▸ TASK REQUIREMENTS: Would you please return the lines of the entries below starting at the line that has "White and Navy" and ending at the line that has "另外,川报全媒体集群MORE", both included, exactly as they are?

▸ DATASET ENTRIES:

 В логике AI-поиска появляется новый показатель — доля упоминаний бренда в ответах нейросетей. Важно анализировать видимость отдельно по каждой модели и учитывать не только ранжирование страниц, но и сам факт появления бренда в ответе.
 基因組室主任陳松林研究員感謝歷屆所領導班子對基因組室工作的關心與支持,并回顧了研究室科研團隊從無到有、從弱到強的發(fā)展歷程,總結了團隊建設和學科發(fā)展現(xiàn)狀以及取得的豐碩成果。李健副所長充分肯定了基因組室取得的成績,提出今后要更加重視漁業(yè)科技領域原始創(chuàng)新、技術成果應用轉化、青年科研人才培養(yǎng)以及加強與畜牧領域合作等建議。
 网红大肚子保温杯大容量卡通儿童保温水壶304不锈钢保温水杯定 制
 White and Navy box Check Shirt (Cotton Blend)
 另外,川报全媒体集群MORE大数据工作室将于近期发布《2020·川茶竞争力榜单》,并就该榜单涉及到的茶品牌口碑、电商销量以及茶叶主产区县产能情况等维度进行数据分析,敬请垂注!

---

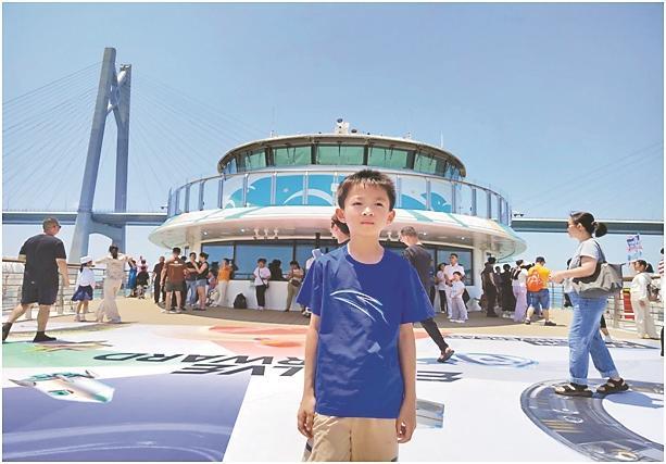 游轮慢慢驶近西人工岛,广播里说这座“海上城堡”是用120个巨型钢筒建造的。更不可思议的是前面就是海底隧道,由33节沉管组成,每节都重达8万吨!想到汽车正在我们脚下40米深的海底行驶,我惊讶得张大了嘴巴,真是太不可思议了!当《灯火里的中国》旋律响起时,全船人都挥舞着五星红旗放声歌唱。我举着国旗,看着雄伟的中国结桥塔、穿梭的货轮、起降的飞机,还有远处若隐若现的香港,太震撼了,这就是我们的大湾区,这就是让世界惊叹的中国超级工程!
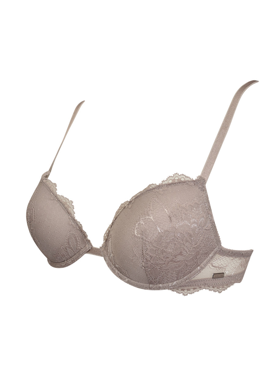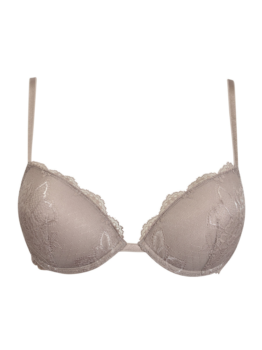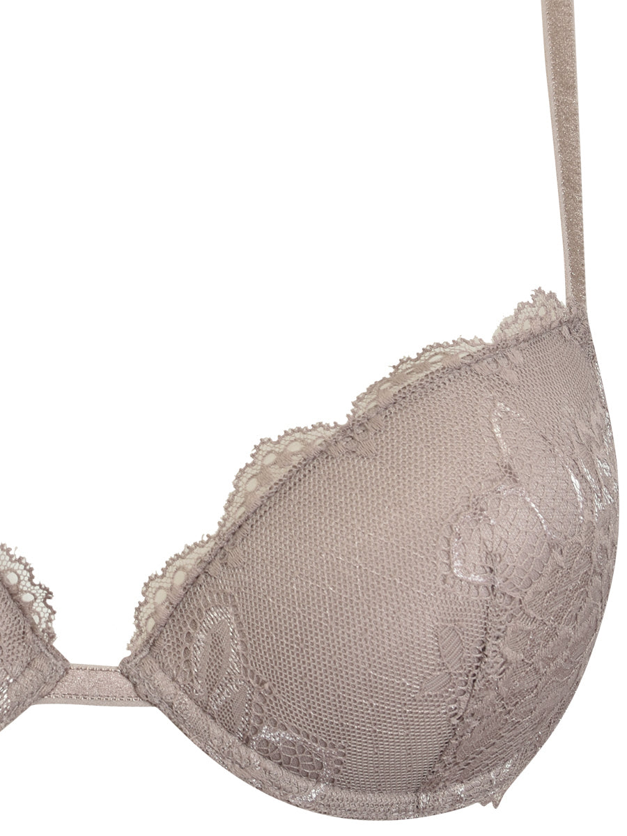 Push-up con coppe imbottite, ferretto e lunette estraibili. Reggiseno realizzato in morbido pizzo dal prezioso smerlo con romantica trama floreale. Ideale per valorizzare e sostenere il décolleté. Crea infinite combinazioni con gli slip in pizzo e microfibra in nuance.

▸ ANSWER SPACE:
 White and Navy box Check Shirt (Cotton Blend)
 另外,川报全媒体集群MORE大数据工作室将于近期发布《2020·川茶竞争力榜单》,并就该榜单涉及到的茶品牌口碑、电商销量以及茶叶主产区县产能情况等维度进行数据分析,敬请垂注!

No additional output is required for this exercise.